WHAT IS EXPECTED
The first line of the listing opens the range and the line with "Maurya Vastra Ivory" closes it; repeat those lines and all between them word for word, leaving out the pictures.

PROVIDED DATA
****************
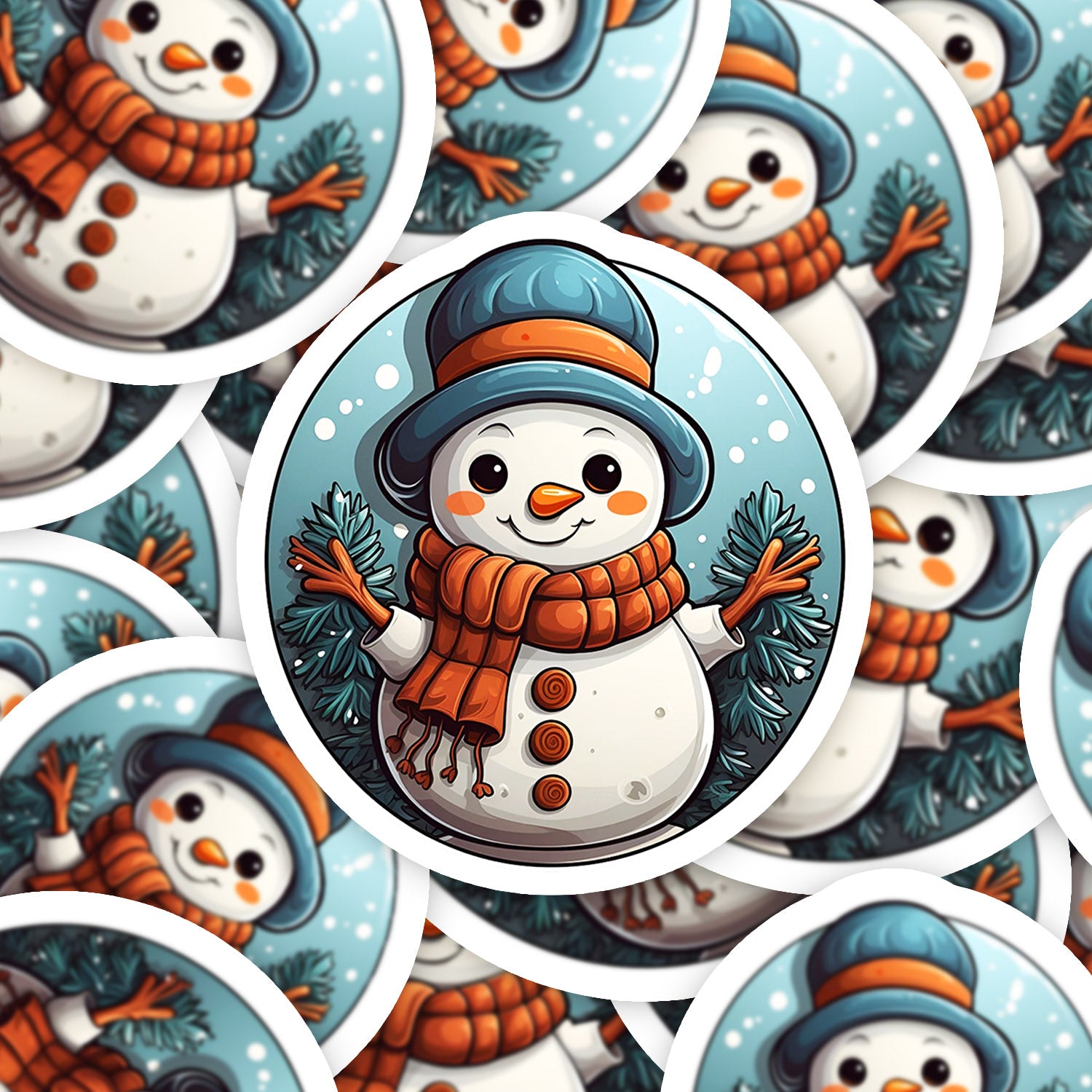 Set 5 bucati, Sticker decorativ, Omul de zapada cu caciula albastra, Rezistent la apa, NO10109, 6 cm, Multicolor
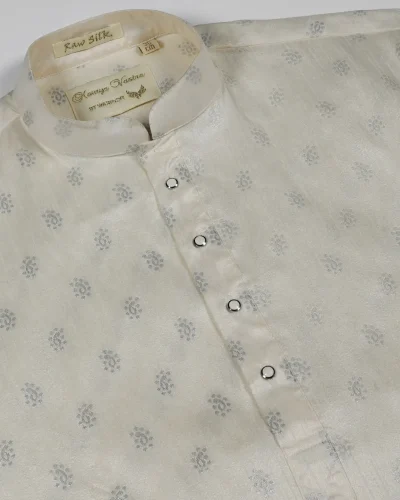 Maurya Vastra Ivory Raw Silk Buti Brocade Kurta
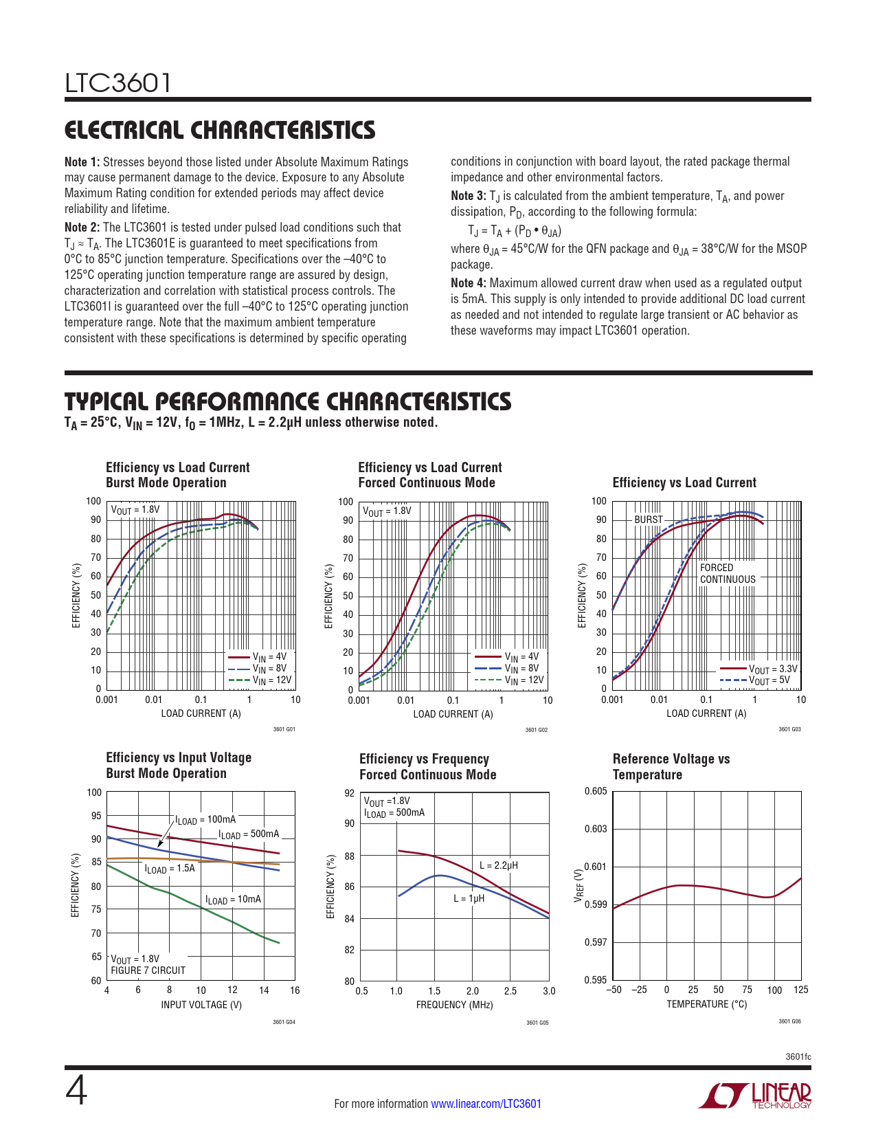 LTC3601 ELECTRICAL CHARACTERISTICS Note 1: Stresses beyond those listed under Absolute Maximum Ratings conditions in conjunction with board layout, the rated package thermal may cause permanent damage to the device. Exposure to any Absolute impedance and other environmental factors. Maximum Rating condition for extended periods may affect device Note 3: TJ is calculated from the ambient temperature, TA, and power reliability and lifetime. dissipation, PD, according to the following formula: Note 2: The LTC3601 is tested under pulsed load conditions such that TJ = TA + (PD • θJA) TJ ≈ TA. The LTC3601E is guaranteed to meet specifications from where θ 0°C to 85°C junction temperature. Specifications over the –40°C to JA = 45°C/W for the QFN package and θJA = 38°C/W for the MSOP package. 125°C operating junction temperature range are assured by design, characterization and correlation with statistical process controls. The Note 4: Maximum allowed current draw when used as a regulated output LTC3601I is guaranteed over the full –40°C to 125°C operating junction is 5mA. This supply is only intended to provide additional DC load current temperature range. Note that the maximum ambient temperature as needed and not intended to regulate large transient or AC behavior as consistent with these specifications is determined by specific operating these waveforms may impact LTC3601 operation. TYPICAL PERFORMANCE CHARACTERISTICSTA = 25°C, VIN = 12V, fO = 1MHz, L = 2.2µH unless otherwise noted.Efficiency vs Load CurrentEfficiency vs Load CurrentBurst Mode OperationForced Continuous ModeEfficiency vs Load Current 100 100 100 VOUT = 1.8V V 90 OUT = 1.8V 90 90 BURST 80 80 80 70 70 70 FORCED 60 60 60 CONTINUOUS 50 50 50 40 40 40 EFFICIENCY (%) EFFICIENCY (%) EFFICIENCY (%) 30 30 30 20 V 20 20 IN = 4V VIN = 4V 10 VIN = 8V 10 VIN = 8V 10 VOUT = 3.3V VIN = 12V VIN = 12V VOUT = 5V 0 0 0 0.001 0.01 0.1 1 10 0.001 0.01 0.1 1 10 0.001 0.01 0.1 1 10 LOAD CURRENT (A) LOAD CURRENT (A) LOAD CURRENT (A) 3601 G01 3601 G02 3601 G03 Efficiency vs Input VoltageEfficiency vs FrequencyReference Voltage vsBurst Mode OperationForced Continuous ModeTemperature 100 92 0.605 VOUT =1.8V 95 I I LOAD = 500mA LOAD = 100mA 90 0.603 90 ILOAD = 500mA 85 88 I L = 2.2µH LOAD = 1.5A 0.601 (V) 80 86 ILOAD = 10mA L = 1µH V REF 0.599 EFFICIENCY (%) 75 EFFICIENCY (%) 84 70 0.597 82 65 VOUT = 1.8V FIGURE 7 CIRCUIT 60 80 0.595 4 6 8 10 12 14 16 0.5 1.0 1.5 2.0 2.5 3.0 –50 –25 0 25 50 75 100 125 INPUT VOLTAGE (V) FREQUENCY (MHz) TEMPERATURE (°C) 3601 G04 3601 G05 3601 G06 3601fc 4 For more information www.linear.com/LTC3601 Document Outline Features Description Applications Typical Application Absolute Maximum Ratings Pin Configuration Electrical Characteristics Typical Performance Characteristics Pin Functions Block Diagram Operation Applications Information Related Parts
****************
SOLUTION
 Set 5 bucati, Sticker decorativ, Omul de zapada cu caciula albastra, Rezistent la apa, NO10109, 6 cm, Multicolor
 Maurya Vastra Ivory Raw Silk Buti Brocade Kurta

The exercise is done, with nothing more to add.